Many countries including Vietnam introduced mass vaccination of poultry with H5N1 vaccines. In a study from Vietnam eggs were bought directly on the supermarket. Specific IgY-H5N1 was found in these eggs. When administered intranasally in mice before and after lethal infection with H5N1 and related H5N2, IgY could prevent infection resulting in complete recovery [25].

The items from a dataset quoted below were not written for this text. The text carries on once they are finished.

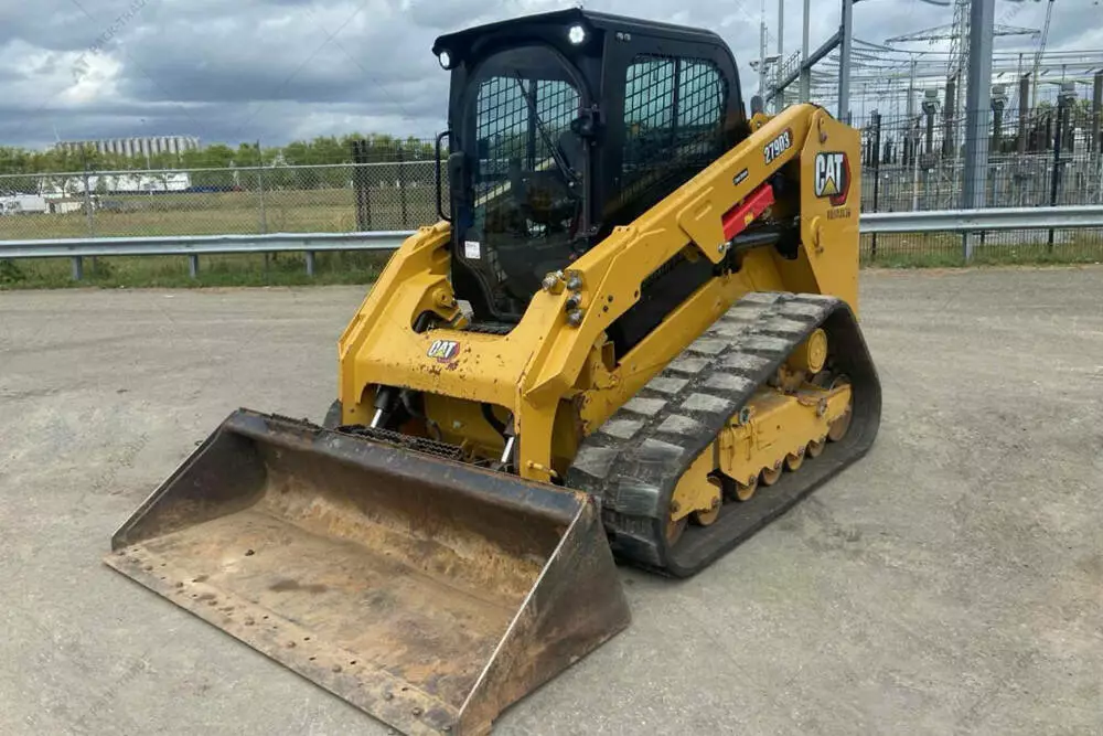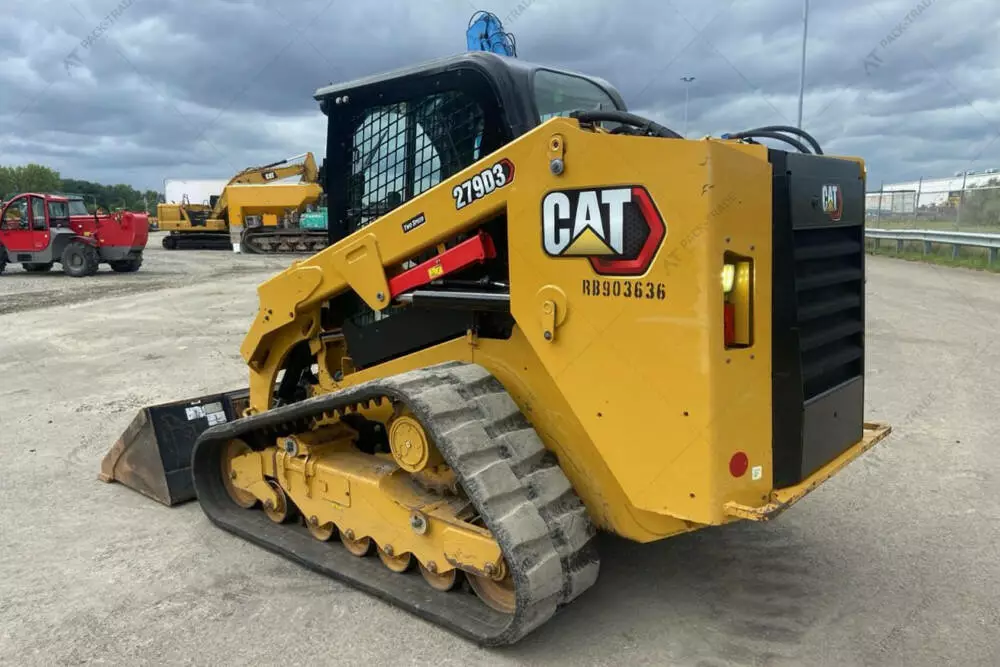Міні навантажувач б/в Caterpillar 279D3, 2021 р/в, з напрацюванням 1488 м/г. Потужність двигуна – 55,4 кВт. Вантажопідйомність – 1010 кг. Розмір гусениці – 450х86BAx56. Джойстики, 2 швидкості, High Flow, позиціювання ковша, гідравлічний швидкоз'єм, Кабіна з обігрівачем, кондиціонер, магнітола, камера заднього огляду, робоче освітлення.
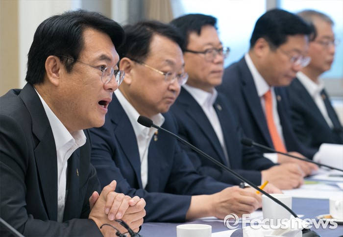 (서울=포커스뉴스) 24일 오전 서울 여의도 국회 귀빈식당에서 열린 2016년 하반기 경제정책방향 당정간담회에 참석한 정진석 새누리당 원내대표가 인사말을 하고 있다.
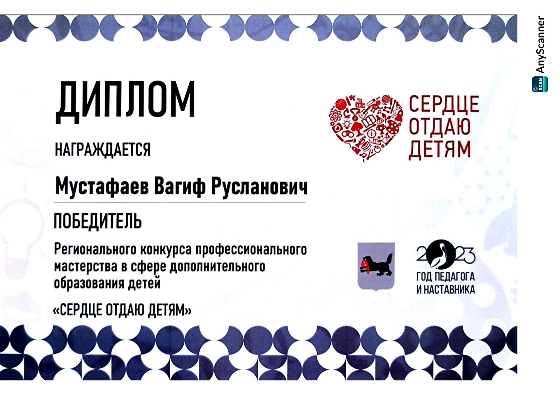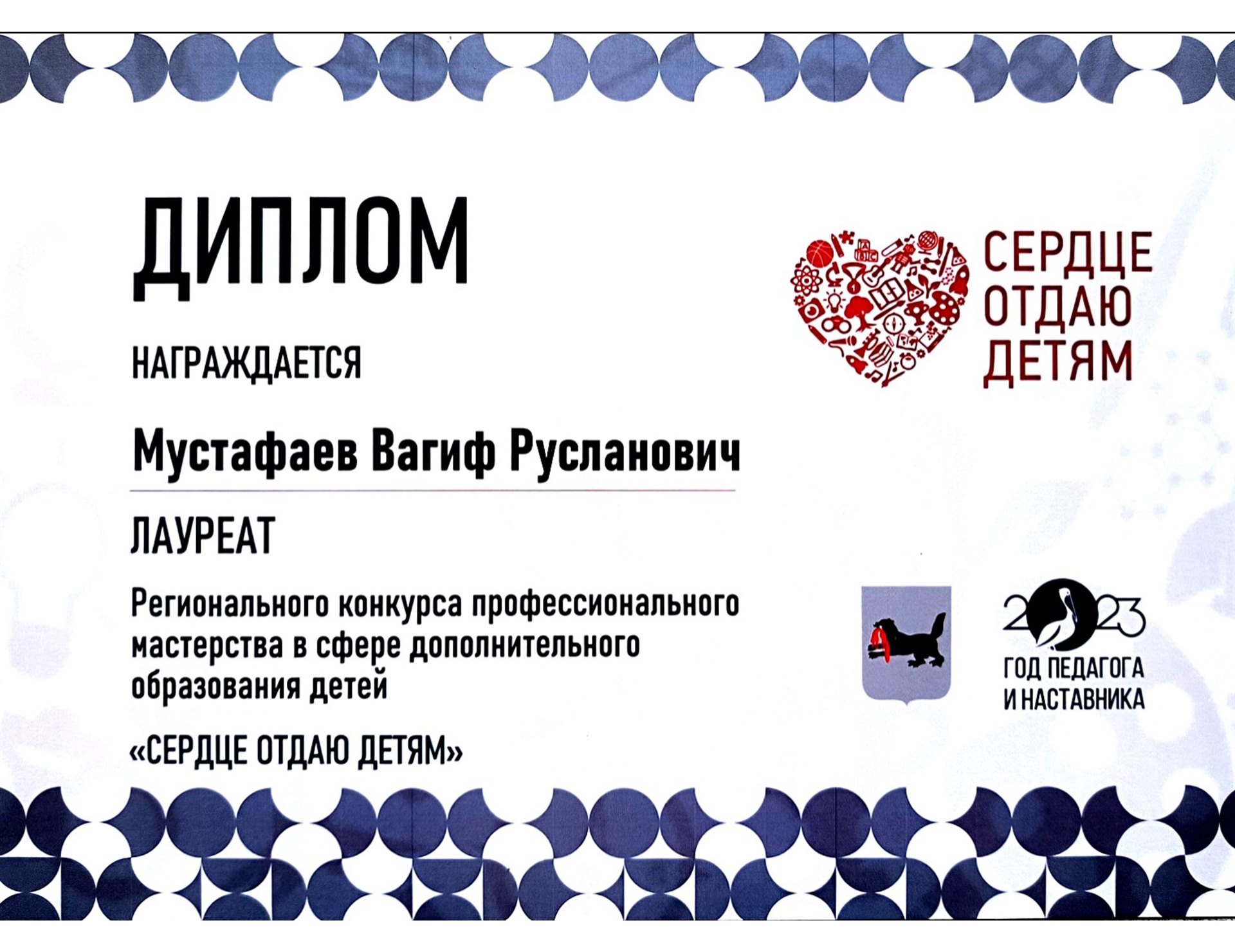 Вагиф Русланович, администрация, педагогический коллектив Дворца творчества поздравляет Вас с победой в профессиональном конкурсе «Сердце отдаю детям».

Human rotavirus (HRV) is the major contributing agent of acute infantile gastroenteritis, resulting in more than one million deaths annually. HRV causes shortening and atrophy of the villi of the small intestine, followed by decreased water absorption leading to severe diarrhea and vomiting. Oral administration of IgY from eggs from hens immunized with three different serotypes of rotavirus (mouse, human and monkey) prevented diarrhea in mice infected with murine rotavirus [20,25].A small clinical human study in Bangladesh gave promising results, but was never followed up [26].

Fungi

Candida albicans is a tremendous burden for oncologic patients treated with cytotoxic drugs and antibiotics. More or less severe candidiasis in mouth and throat will occur in more than 75% of leukemic patients during the period, when cytotoxic drugs are given intensively. In a study IgY candida was given prophylactly as a mouthwash every day to four children with leukemia during intensive treatment with cytotoxic drugs. None of them got any candidiasis, but three of four controls [27].

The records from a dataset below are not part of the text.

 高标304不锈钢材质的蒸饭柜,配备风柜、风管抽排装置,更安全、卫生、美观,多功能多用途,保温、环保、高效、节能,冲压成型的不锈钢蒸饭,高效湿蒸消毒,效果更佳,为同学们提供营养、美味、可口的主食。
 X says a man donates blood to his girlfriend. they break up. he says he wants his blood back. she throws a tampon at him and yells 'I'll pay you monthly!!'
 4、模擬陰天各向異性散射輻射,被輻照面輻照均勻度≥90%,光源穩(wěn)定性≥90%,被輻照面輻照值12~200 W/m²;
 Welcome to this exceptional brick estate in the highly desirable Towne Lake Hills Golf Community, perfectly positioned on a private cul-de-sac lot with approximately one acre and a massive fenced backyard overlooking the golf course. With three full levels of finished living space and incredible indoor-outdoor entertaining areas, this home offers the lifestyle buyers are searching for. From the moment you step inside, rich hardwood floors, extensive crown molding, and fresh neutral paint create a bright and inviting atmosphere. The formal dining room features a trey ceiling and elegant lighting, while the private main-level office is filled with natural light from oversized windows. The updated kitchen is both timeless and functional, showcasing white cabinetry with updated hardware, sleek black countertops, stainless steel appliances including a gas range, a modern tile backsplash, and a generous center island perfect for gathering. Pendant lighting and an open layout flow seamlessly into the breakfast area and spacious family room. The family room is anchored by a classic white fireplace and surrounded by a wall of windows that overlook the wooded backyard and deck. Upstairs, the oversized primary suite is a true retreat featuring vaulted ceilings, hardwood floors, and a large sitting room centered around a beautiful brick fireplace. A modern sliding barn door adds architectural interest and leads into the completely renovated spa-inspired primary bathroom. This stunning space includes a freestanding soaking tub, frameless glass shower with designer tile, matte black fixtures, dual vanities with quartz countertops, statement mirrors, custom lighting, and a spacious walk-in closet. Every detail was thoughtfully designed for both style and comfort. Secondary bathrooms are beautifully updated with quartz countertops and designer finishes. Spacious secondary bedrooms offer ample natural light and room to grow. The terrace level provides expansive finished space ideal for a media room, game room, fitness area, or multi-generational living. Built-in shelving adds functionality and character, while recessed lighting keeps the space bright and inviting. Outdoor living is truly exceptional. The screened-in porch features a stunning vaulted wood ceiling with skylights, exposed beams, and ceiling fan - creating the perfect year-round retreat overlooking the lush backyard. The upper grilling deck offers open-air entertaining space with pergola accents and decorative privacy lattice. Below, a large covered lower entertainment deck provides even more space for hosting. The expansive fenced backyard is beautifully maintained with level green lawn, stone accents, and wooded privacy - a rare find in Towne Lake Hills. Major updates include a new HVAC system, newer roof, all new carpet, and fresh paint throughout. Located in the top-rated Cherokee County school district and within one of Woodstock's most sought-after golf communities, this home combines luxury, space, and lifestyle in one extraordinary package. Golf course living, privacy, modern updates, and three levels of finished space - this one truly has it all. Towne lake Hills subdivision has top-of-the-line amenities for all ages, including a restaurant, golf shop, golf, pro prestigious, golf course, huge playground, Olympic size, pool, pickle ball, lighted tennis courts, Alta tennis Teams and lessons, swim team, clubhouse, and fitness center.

IgY in Fodder and in Fish Cultivations

In fodder

Enteric colibacillosis by ETEC encountered in neonatal calves [28] and piglets [29] is a major cause of death in these animals. The passive protective effect of IgY against induced diarrhea by ETEC has been studied in these animals. In both it gave a good prophylactic and therapeutic result.

In fish-cultivations

Yersinia: IgY against Y. ruckeri protects rainbow trout from infection [30].

Edwardsiella: Anti-Edwardsiella IgY prevents Japanese eels from Edwardsiellosis infected with Edwardsiella tarda [31] Table 1.

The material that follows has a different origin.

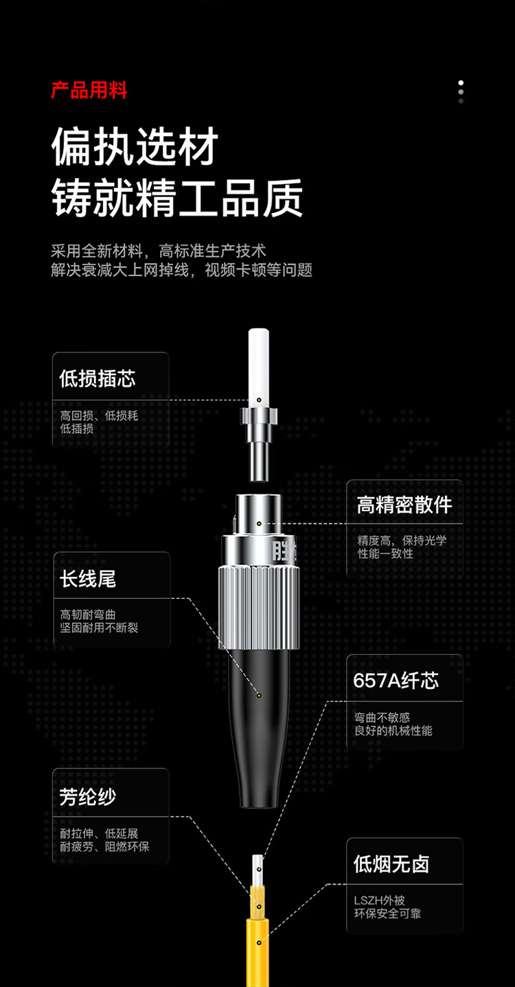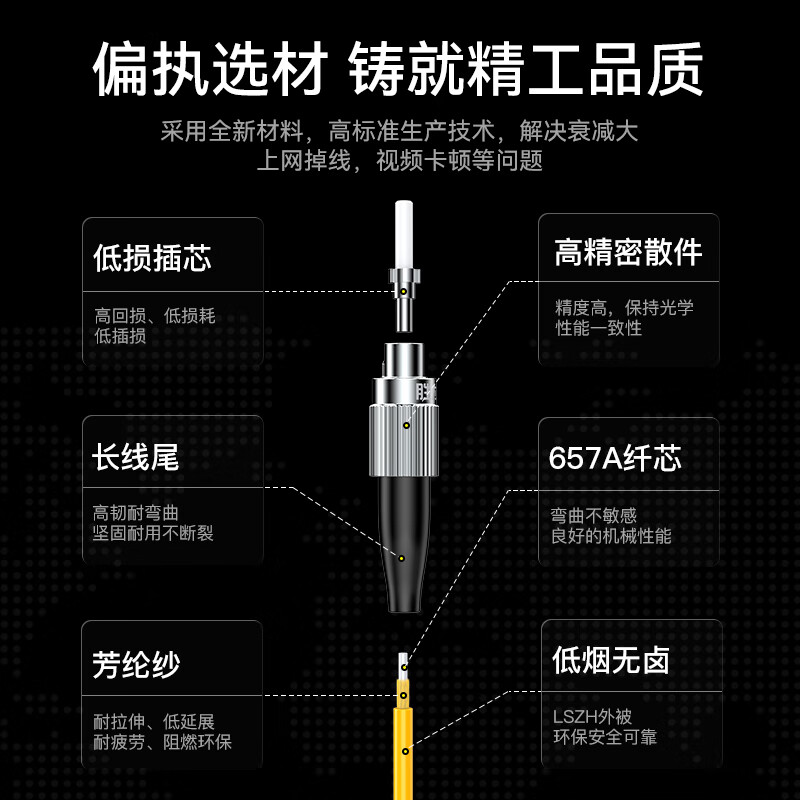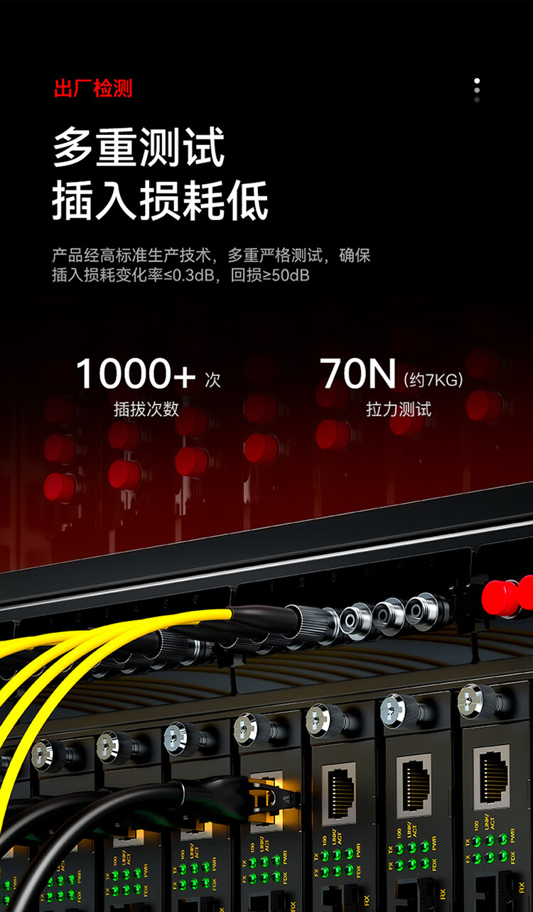 耐插拔次數(shù)高,性能穩(wěn)定可靠;纖芯彎曲不敏感,良好的機(jī)械性能,便于熔接光損小,傳輸快速穩(wěn)定;環(huán)保低煙無(wú)鹵材質(zhì)外被,使用時(shí)間長(zhǎng),耐磨損抗腐蝕,環(huán)保無(wú)異味;多重測(cè)試,

Microbe(s) In vitro Animals Humans Comments Ref(s)
Pseudomonas + + + Longest clinical study [9-12]
ESBL +     In vitro tests: Promising results -
MRSA +     Good candidate for IgY treatment. -
E. coli + + + In fodder, good results [13]
EHEC + +   Good result in mice  
ETEC + +   Good results in piglets and calves [30,31]
EPEC +     Infantile diarrhoea, Brazil  
Salmonella + +   Good results in animals [16-18]
Helicobact.p. + +   Together with antacidum. [14,15]
Enterobacter.c     + Prematurely born infants, nonpubl. -
Strep.mutans     + In lozenges (also in chewing gums) [20,21]
Pharyngitis     + Unknown bacteria. Good results. Chinese [23]
Gingivitis + + + Article in Chinese [22]
Rotavirus + + + Many animal studies. At least 1 human study [28]
HepatitA, B +     In vitro test:A. Review article B. [34]
Candida albic. + + + Oncology, immundepressed pats [29]
Influenza,H5N1 + +   AntiH5N1 IgY in eggs from supermarket in Vietnam [25]
Yersinia   +   Rainbow trout [32]
Edwardsiella   +   Japanese eels [33]
Coccoidosis   +   Study on protection of chickens,fodder. [35]

Table 1: Excerpt of studies on IgY.

Conclusion

An abundance of studies on specific IgY antibodies from immunized hens conclusively suggest that they are very strong weapons against a series of common infections and can be used both as a complement and/or an alternative to antibiotics. Since IgY is not absorbed from the gastro-intestinal canal, it is especially attractive for peroral or local immunotherapy for a variety of bacterial, viral and fungal infections in the gastro-intestinal canal, including mouth, throat and airways, as well as for treatment on the skin and other local infections. In addition, specific IgY can be of tremendous help in fodder and for fish-cultivation.

It is high time for all involved in fighting infectious diseasespoliticians, health authorities, pharmaceutical companies, physicians, researchers etc., to join in a strong pull for avian antibodies-IgY.

Use of IgY will diminish the development of antibiotic resistant microbes.